Extracted records:
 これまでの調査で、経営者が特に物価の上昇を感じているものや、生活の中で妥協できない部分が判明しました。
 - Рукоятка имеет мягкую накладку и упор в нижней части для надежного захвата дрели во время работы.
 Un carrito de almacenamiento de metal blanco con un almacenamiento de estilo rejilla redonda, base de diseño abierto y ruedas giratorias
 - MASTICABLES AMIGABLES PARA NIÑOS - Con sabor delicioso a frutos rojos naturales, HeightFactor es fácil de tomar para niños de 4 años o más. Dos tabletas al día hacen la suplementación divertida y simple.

--

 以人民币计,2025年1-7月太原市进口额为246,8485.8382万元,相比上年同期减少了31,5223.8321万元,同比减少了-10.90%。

Assigned task: Both the line containing "これまでの調査で、経営者が特" and the line containing "Un carrito de" belong in the answer. Print them and every line above that falls between them exactly, and no others.

Solution to the problem:
 これまでの調査で、経営者が特に物価の上昇を感じているものや、生活の中で妥協できない部分が判明しました。
 - Рукоятка имеет мягкую накладку и упор в нижней части для надежного захвата дрели во время работы.
 Un carrito de almacenamiento de metal blanco con un almacenamiento de estilo rejilla redonda, base de diseño abierto y ruedas giratorias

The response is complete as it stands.